Editor: The following article was published by the National Education Policy Center (NEPC), a university research center housed at the University of Colorado Boulder School of Education. http://nepc.colorado.edu We thank them for permission to reprint this article for our readers.
Amy Coney Barrett and Education:
Where Does She Stand?
With the
memory of Merrick Garland’s thwarted nomination resonating and the rank
hypocrisy fouling the Senate air, Senate Majority Leader Mitch McConnell and
his colleagues quickly ushered then-judge Amy Coney Barrett through a
performative confirmation process. The U.S. Supreme Court’s newest member will
soon begin to rule on cases with the potential to affect generations of
students, teachers, and schools. Barrett’s writings, positions, and track
record so far suggest that her education-related decisions may be the
antithesis of those of her predecessor, the late Ruth Bader Ginsburg, who was known for supporting LGBTQ rights, appreciating the separation of church and
state, and developing jurisprudence advancing gender equity.
Unlike
Ginsberg, a graduate of New York City’s school system, Barrett has limited
personal experience with public education. A graduate of a Catholic girls’

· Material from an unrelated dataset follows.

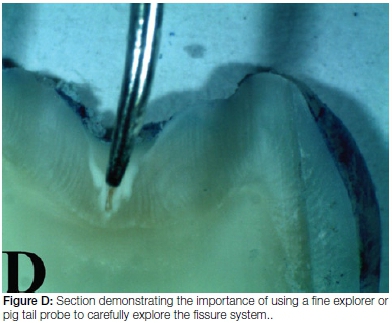 Fissure visualisation is essential and therefore a very fine explorer probe (FT10 probe) or pigtail probe should be used during the assessment of the fissure system to enhance the diagnostic skills of the clinician and to assist in the decision to place FS (Figure D).
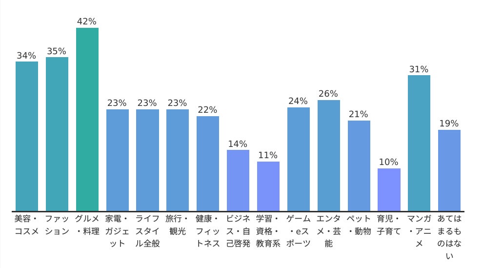 【人気ジャンル】 Z世代ではエンタメ・マンガ、ミドル層では実用性重視(料理・美容・ファッション)と世代間での違いも顕著。

school in Louisiana, she has also sent her own children to religious schools.
For nearly three years, she served on the board of trustees of a network of
private, Christian schools that discriminated against LGBTQ parents, students,
and employees.
During her
Senate confirmation hearings, Barrett said that she had “been nominated to fill
Justice Ginsburg's seat, but no one will ever take her place.” Barrett will
indeed be a very different judge, including in the realm of education. She
described Espinoza v. Montana Department of Revenue (a 2020 U.S. Supreme Court
decision that required the state to allow public fiscal support for religious
schools even though its constitution banned the practice) as an example of the
court’s view that “religious institutions cannot be discriminated against or
excluded from public programs simply because they are religious.” And she
called Brown v. the Board of Education a “super precedent” that would be
“unthinkable” to overrule, even though an article she coauthored notes that
full adherence to her doctrine of originalism (strict adherence to the original
meaning of the constitution’s words) would require its reversal. Barrett has
also publicly expressed doubt that Title IX protects transgender students who
want to use school restrooms or locker rooms that align with their gender
identities.
As a judge
appointed by President Donald Trump in 2017 to the Court of Appeals for the
Seventh Circuit, Barrett has been involved in several notable decisions
involving education. Here’s a sample, culled from an article in Education Week:
Doe v.Purdue University (2019) was filed by a male former student at Indiana’s Purdue
University, which had suspended him for a year after he was accused of sexual
violence, leading to a discharge from the ROTC and the loss of a related
scholarship. Barrett’s opinion, in favor of the student, concluded that he was
“denied an educational benefit on the basis of his sex” because of a
fundamentally unfair hearing and decision process that was biased in favor of
the female accuser. Since that time, U.S. Secretary of Education Betsy DeVos
has taken steps to further protect the due process rights of students accused
of sexual misconduct. “Many universities and advocates for survivors of sexual
assault state that these changes will make it harder to convince people to come
forward and file reports, as the new guidance offers little protection and
support for survivors of sexual assault,” NEPC Fellow Elizabeth Meyer said last
year in an interview for this newsletter.
Consider
also two cases concerning alleged discrimination based on the plaintiff’s
disability. In both cases, Barnett signed onto opinions affirming the granting
of so-called summary judgment (dismissing the lawsuit because the plaintiff is
not entitled to win based on the facts that the plaintiff does not dispute). In
Grussgott v. Milwaukee Jewish Day School (2018), the plaintiff was an
instructor at a Jewish private school. The panel held that the school was
protected by a “ministerial exception,” based on a 2012 Supreme Court case that
found that churches were exempt from discrimination claims made by their
ministers.
In P.F. v.Taylor (2019), Barrett joined her colleagues in rejecting claims of Wisconsin
students with disabilities who had unsuccessfully attempted to use the state’s
open enrollment laws. The students were denied transfers to new school
districts because those new districts said they could not meet the students’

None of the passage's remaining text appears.